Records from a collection
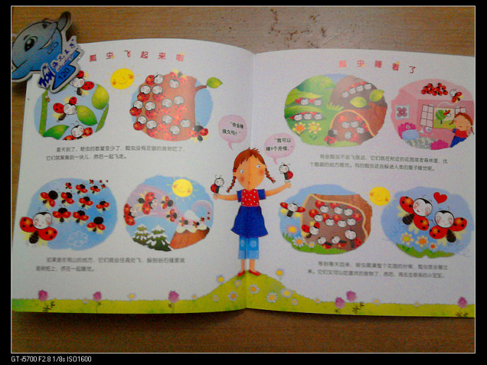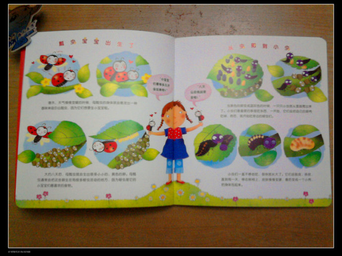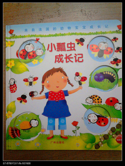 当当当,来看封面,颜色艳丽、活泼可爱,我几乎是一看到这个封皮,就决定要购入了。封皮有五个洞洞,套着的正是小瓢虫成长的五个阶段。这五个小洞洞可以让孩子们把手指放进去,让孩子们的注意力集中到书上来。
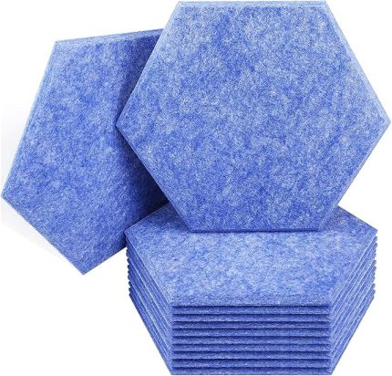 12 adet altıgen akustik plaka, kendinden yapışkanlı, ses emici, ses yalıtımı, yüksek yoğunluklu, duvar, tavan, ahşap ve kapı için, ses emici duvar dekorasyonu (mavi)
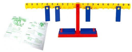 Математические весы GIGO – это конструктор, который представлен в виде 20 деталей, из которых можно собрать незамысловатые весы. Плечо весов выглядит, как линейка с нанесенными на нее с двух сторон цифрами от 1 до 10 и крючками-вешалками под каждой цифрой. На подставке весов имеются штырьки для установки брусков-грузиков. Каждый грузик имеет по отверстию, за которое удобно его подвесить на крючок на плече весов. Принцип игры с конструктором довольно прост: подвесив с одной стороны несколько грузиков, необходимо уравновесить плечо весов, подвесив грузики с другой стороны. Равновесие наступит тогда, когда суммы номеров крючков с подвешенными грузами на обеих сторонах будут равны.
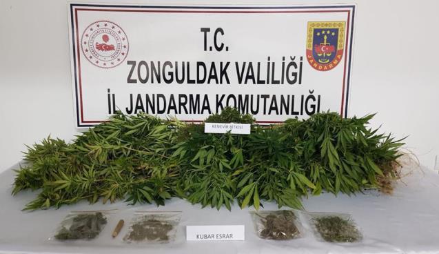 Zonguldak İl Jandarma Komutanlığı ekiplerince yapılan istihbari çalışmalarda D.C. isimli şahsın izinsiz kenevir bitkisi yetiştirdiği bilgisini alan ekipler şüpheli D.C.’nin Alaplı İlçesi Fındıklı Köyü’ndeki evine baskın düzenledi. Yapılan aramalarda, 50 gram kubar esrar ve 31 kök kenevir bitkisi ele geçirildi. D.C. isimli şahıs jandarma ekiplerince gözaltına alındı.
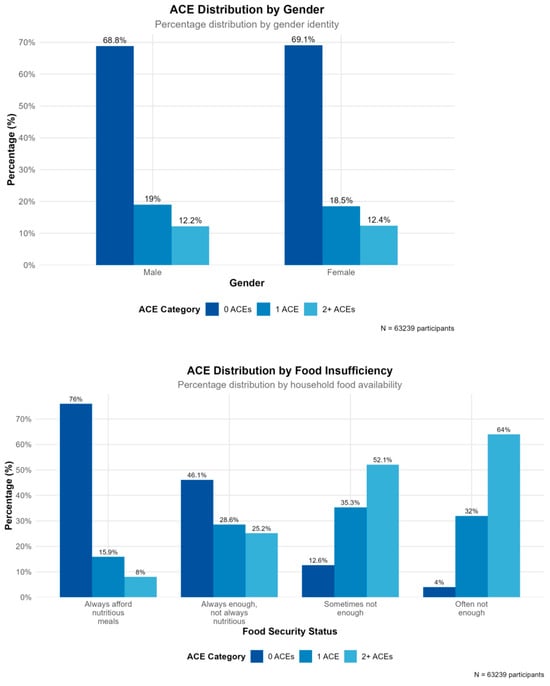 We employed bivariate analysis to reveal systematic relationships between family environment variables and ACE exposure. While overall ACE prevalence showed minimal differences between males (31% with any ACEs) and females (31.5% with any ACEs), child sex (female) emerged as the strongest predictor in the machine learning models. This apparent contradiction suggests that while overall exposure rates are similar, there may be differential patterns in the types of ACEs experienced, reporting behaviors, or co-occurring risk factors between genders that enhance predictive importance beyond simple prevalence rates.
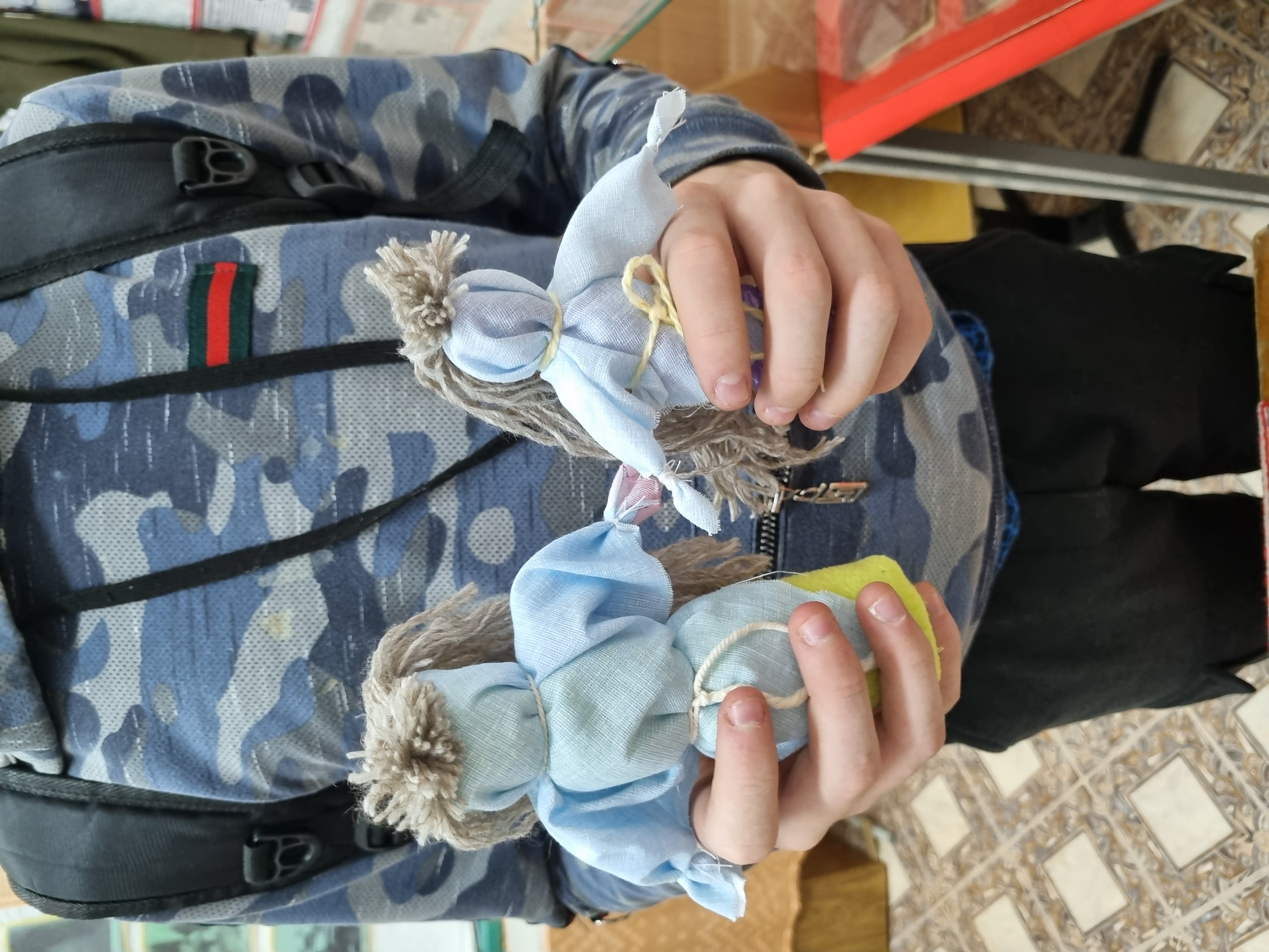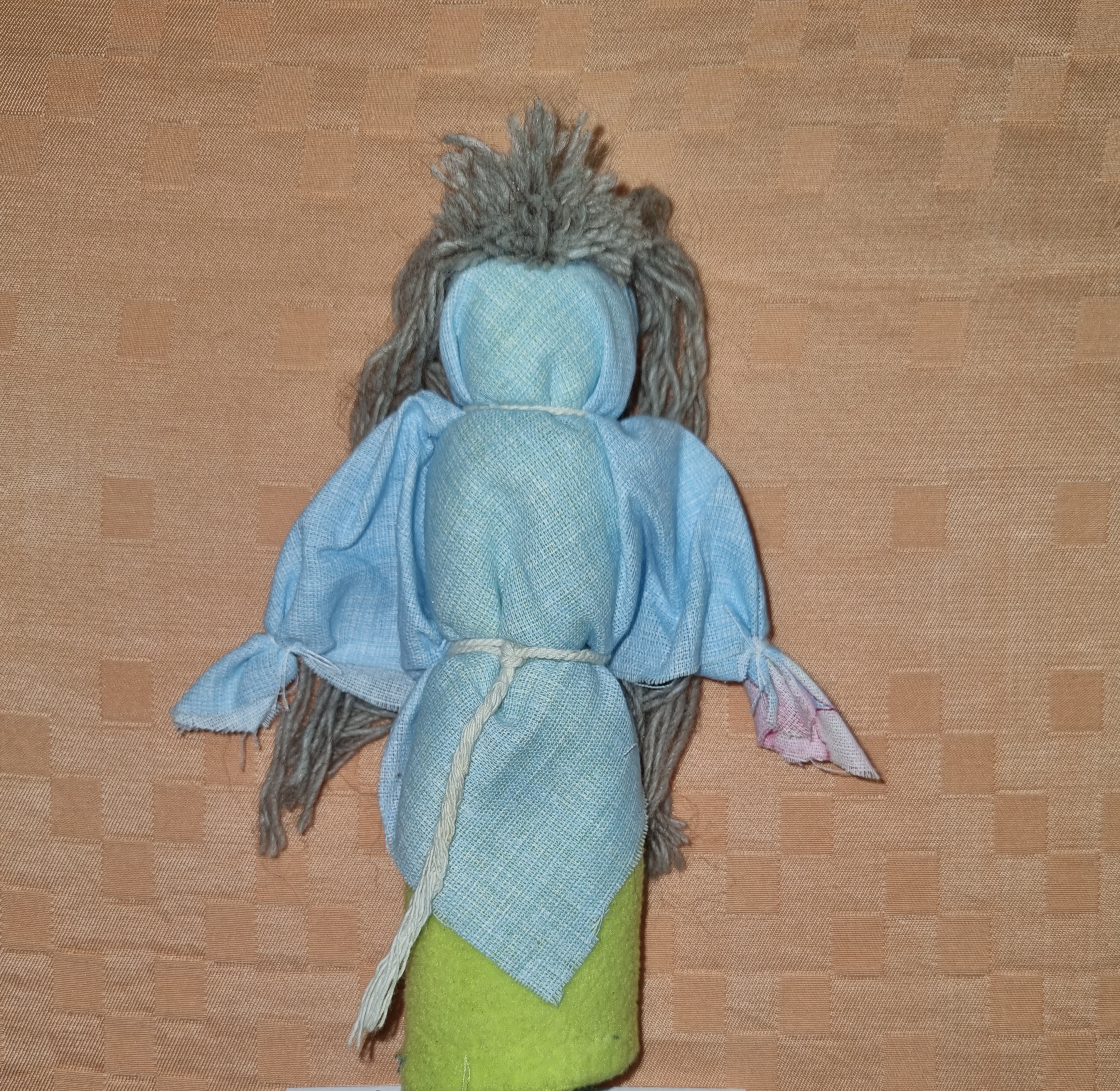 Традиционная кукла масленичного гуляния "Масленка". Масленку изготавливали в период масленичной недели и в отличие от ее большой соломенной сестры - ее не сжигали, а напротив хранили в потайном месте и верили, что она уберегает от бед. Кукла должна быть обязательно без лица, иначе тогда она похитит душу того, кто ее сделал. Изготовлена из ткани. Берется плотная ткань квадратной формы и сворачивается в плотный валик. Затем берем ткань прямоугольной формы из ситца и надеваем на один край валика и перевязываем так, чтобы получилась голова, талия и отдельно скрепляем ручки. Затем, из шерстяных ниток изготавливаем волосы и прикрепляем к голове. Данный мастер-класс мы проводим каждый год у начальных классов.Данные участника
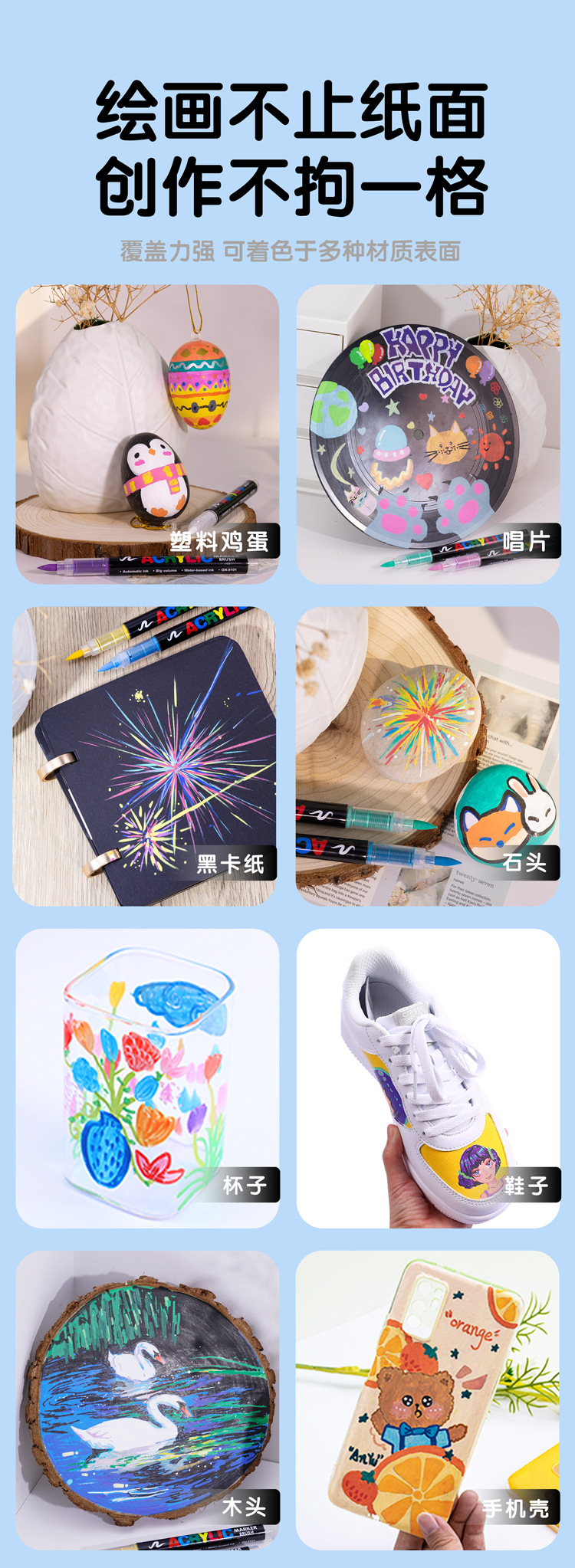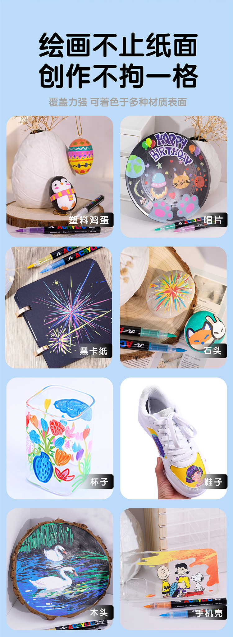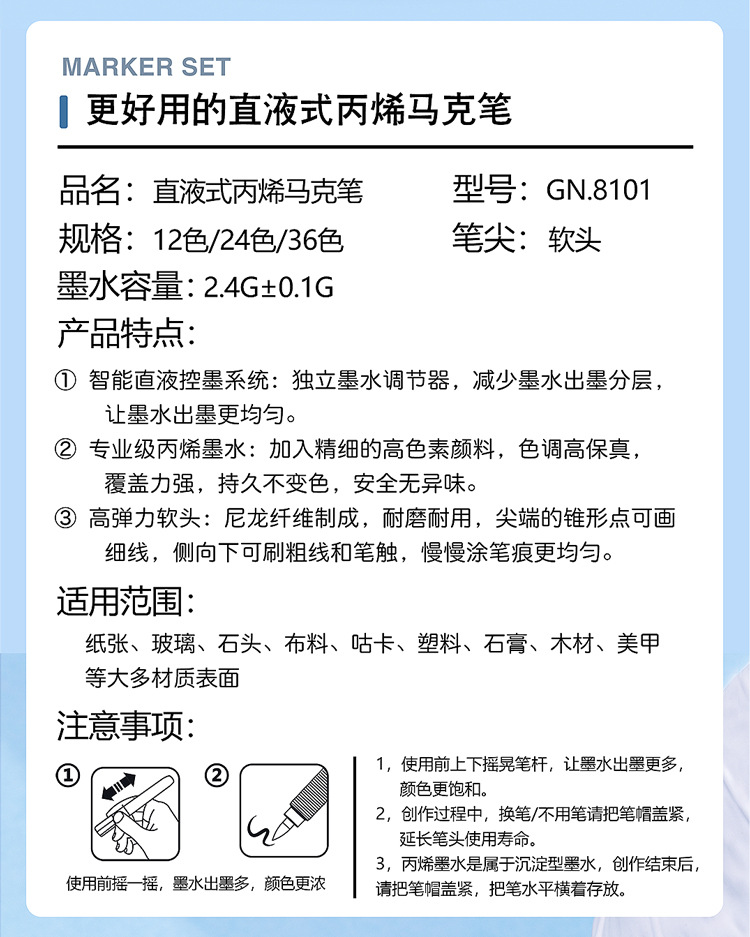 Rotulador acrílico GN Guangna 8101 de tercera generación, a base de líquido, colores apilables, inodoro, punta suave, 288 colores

:: WHAT IS REQUIRED ::
Type out the data above again exactly as written, minus the images.

:: WRITTEN SOLUTION ::
 当当当,来看封面,颜色艳丽、活泼可爱,我几乎是一看到这个封皮,就决定要购入了。封皮有五个洞洞,套着的正是小瓢虫成长的五个阶段。这五个小洞洞可以让孩子们把手指放进去,让孩子们的注意力集中到书上来。
 12 adet altıgen akustik plaka, kendinden yapışkanlı, ses emici, ses yalıtımı, yüksek yoğunluklu, duvar, tavan, ahşap ve kapı için, ses emici duvar dekorasyonu (mavi)
 Математические весы GIGO – это конструктор, который представлен в виде 20 деталей, из которых можно собрать незамысловатые весы. Плечо весов выглядит, как линейка с нанесенными на нее с двух сторон цифрами от 1 до 10 и крючками-вешалками под каждой цифрой. На подставке весов имеются штырьки для установки брусков-грузиков. Каждый грузик имеет по отверстию, за которое удобно его подвесить на крючок на плече весов. Принцип игры с конструктором довольно прост: подвесив с одной стороны несколько грузиков, необходимо уравновесить плечо весов, подвесив грузики с другой стороны. Равновесие наступит тогда, когда суммы номеров крючков с подвешенными грузами на обеих сторонах будут равны.
 Zonguldak İl Jandarma Komutanlığı ekiplerince yapılan istihbari çalışmalarda D.C. isimli şahsın izinsiz kenevir bitkisi yetiştirdiği bilgisini alan ekipler şüpheli D.C.’nin Alaplı İlçesi Fındıklı Köyü’ndeki evine baskın düzenledi. Yapılan aramalarda, 50 gram kubar esrar ve 31 kök kenevir bitkisi ele geçirildi. D.C. isimli şahıs jandarma ekiplerince gözaltına alındı.
 We employed bivariate analysis to reveal systematic relationships between family environment variables and ACE exposure. While overall ACE prevalence showed minimal differences between males (31% with any ACEs) and females (31.5% with any ACEs), child sex (female) emerged as the strongest predictor in the machine learning models. This apparent contradiction suggests that while overall exposure rates are similar, there may be differential patterns in the types of ACEs experienced, reporting behaviors, or co-occurring risk factors between genders that enhance predictive importance beyond simple prevalence rates.
 Традиционная кукла масленичного гуляния "Масленка". Масленку изготавливали в период масленичной недели и в отличие от ее большой соломенной сестры - ее не сжигали, а напротив хранили в потайном месте и верили, что она уберегает от бед. Кукла должна быть обязательно без лица, иначе тогда она похитит душу того, кто ее сделал. Изготовлена из ткани. Берется плотная ткань квадратной формы и сворачивается в плотный валик. Затем берем ткань прямоугольной формы из ситца и надеваем на один край валика и перевязываем так, чтобы получилась голова, талия и отдельно скрепляем ручки. Затем, из шерстяных ниток изготавливаем волосы и прикрепляем к голове. Данный мастер-класс мы проводим каждый год у начальных классов.Данные участника
 Rotulador acrílico GN Guangna 8101 de tercera generación, a base de líquido, colores apilables, inodoro, punta suave, 288 colores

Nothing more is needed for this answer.